误差稳定区:即错误率比较平的时候,言外之意就是错误率不再下降的时候。

动量梯度下降法

momentum是一种加速梯度下降优化算法的方法,有助于提高训练速度并避免陷入局部最小值。

传统梯度下降参数更新公式如下:

\(\theta_{t + 1} = \theta_t - \eta \cdot \nabla J(\theta_t)\)

加入momentum后,参数更新公式如下:

\(v_t+1 = \gamma v_t + \eta \nabla J(\theta_t)\)
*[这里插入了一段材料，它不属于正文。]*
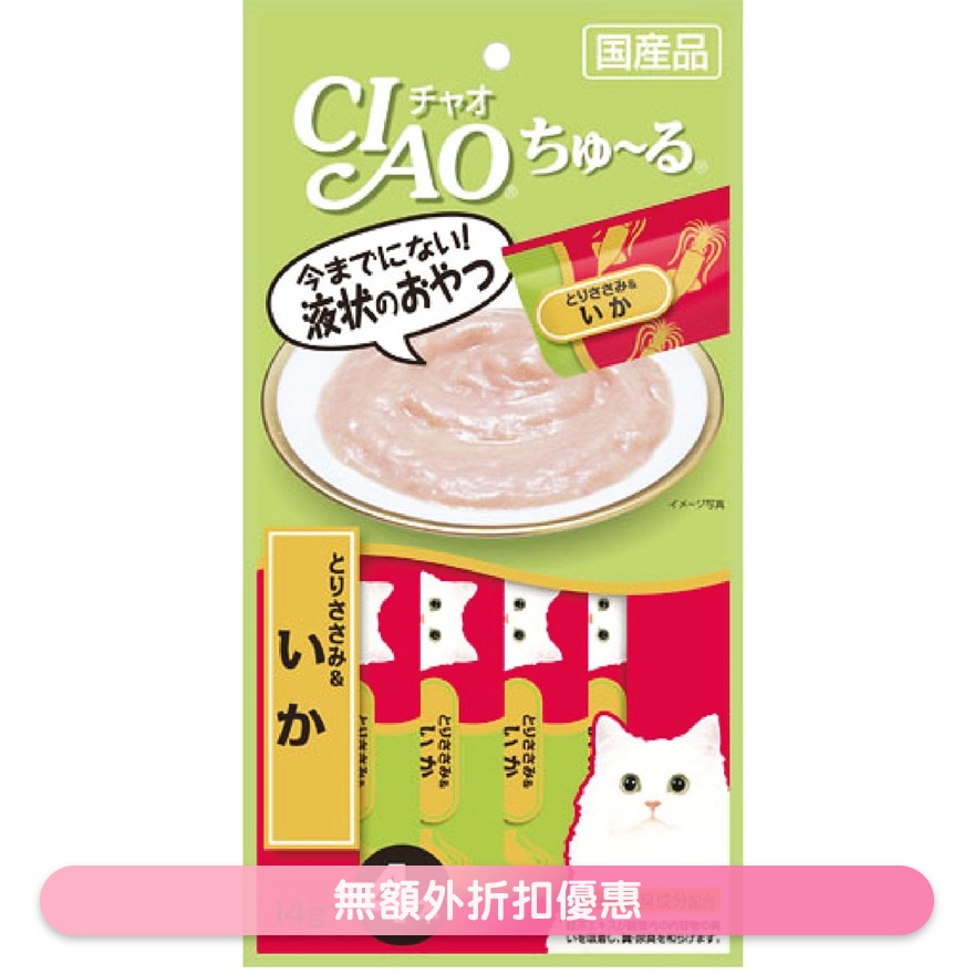 Chicken breast、Squid extract、Hydrolyzed protein、Sugar (Oligosaccharides etc.)、Vegetable oil、Thickener (Processed starch)、Minerals、Polysaccharide thickener、Flavorings (Amino acids etc.)、Vitamin E、Red yeast rice coloring、Green tea extract
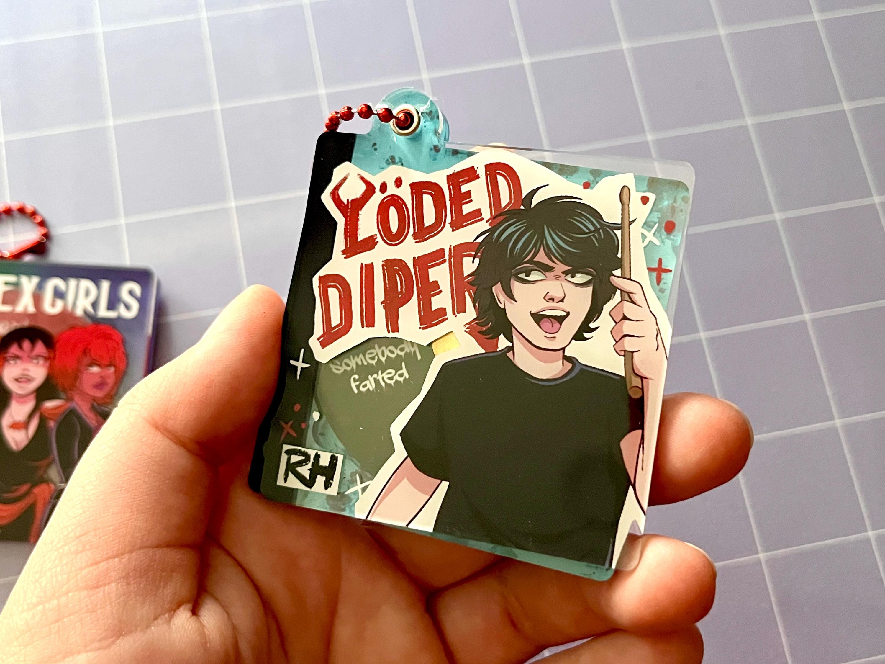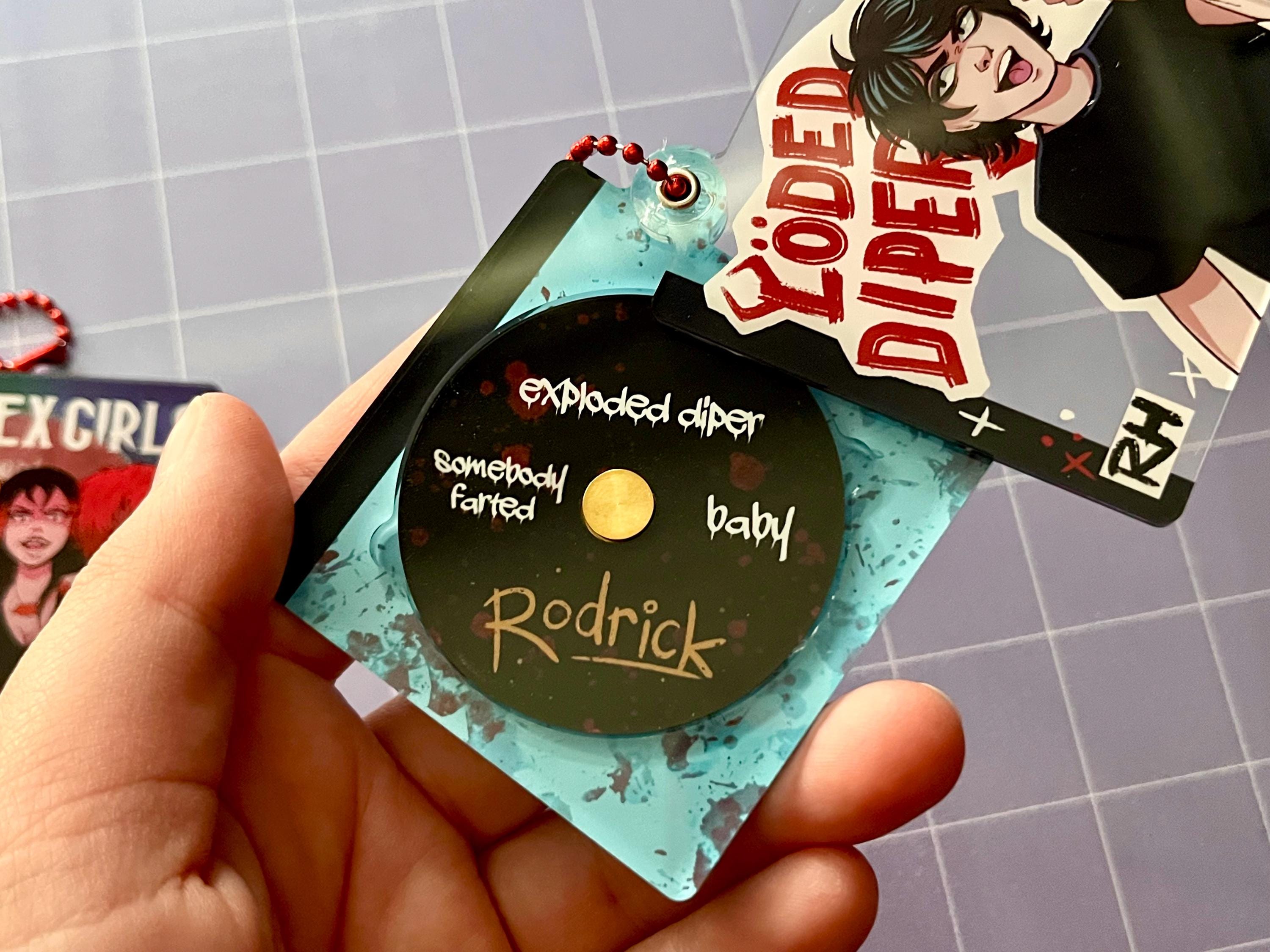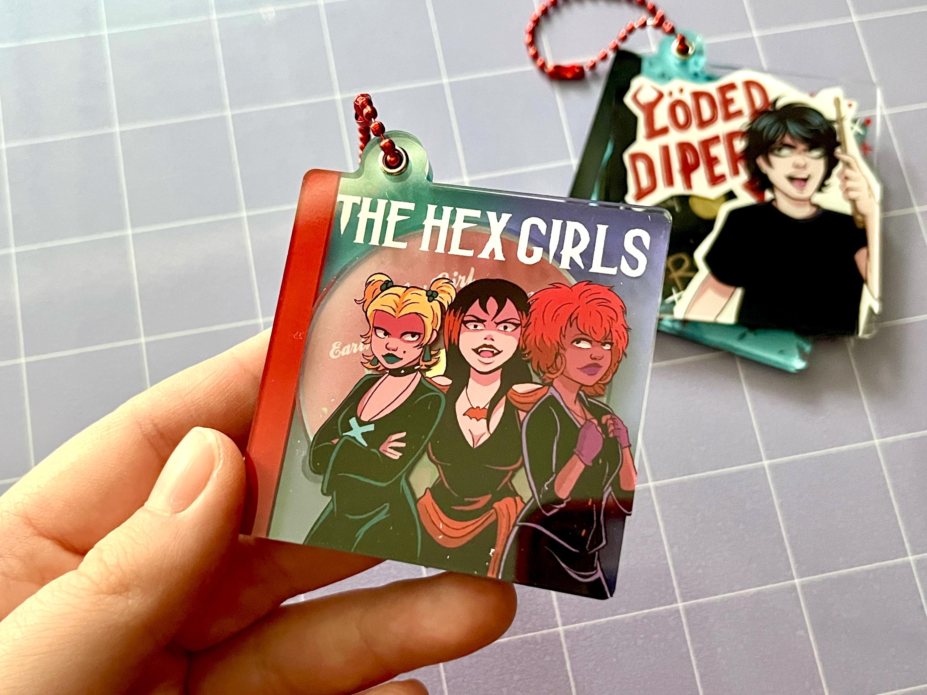 Acrylic charms designed to look like CD cases! Approximately 2.5" on each side, each includes a removable and spinnable acrylic CD piece inside. Features a red ball chain attachment.

\(\theta_{t + 1} = \theta - v_{t + 1}\)

unreferenced functions

无参考的函数,这里指的是传统神经网络尝试直接学习从输入到输出的映射函数,而不借助任何额外的参考信息或结构。而残差网络学习输入和输出之间的区别(\(H(\mathrm{x}) - \mathrm{x}\))

"plain" networks

指的是,在实验对比中没有使用跳跃连接的网络。

degradation problem

指的是还没有发生过拟合时,随着网络层数的增加,错误率也会增加,如下图所示:

实际上,本不应该发生这种问题,因为理论上存在一个构造解可以让深层网络达到和浅层网络一样的效果。

  • 构造解:假设存在两个网络,一个是浅层的,另外一个是在浅层的基础上继续增加层数构成深层网络。那么对于这个深层网络理论上存在一个构造解:能够使得新增的层输出就等于输入不做改变,而其他层的参数从浅层网络中复制过来。

构造解表明:深层网络至少可以达到与浅层网络相同的训练误差,因为深层可以通过构造解来退化为浅层网络。

但实际的实验结果表明:现在的优化算法很难找到与构造解一样好的解,或者比构造解更好的解。这意味着,尽管理论上深层网络不应该有比浅层网络更高的训练误差,但在实际优化过程中,实际的优化方法无法有效的找到这些好的解。

ResNet结构

这里为了节省空间,把图片旋转了。图片显示的是一个34层的残差网络,其中里面用虚线连接的表示维度不一致(即F(X)不能直接+X)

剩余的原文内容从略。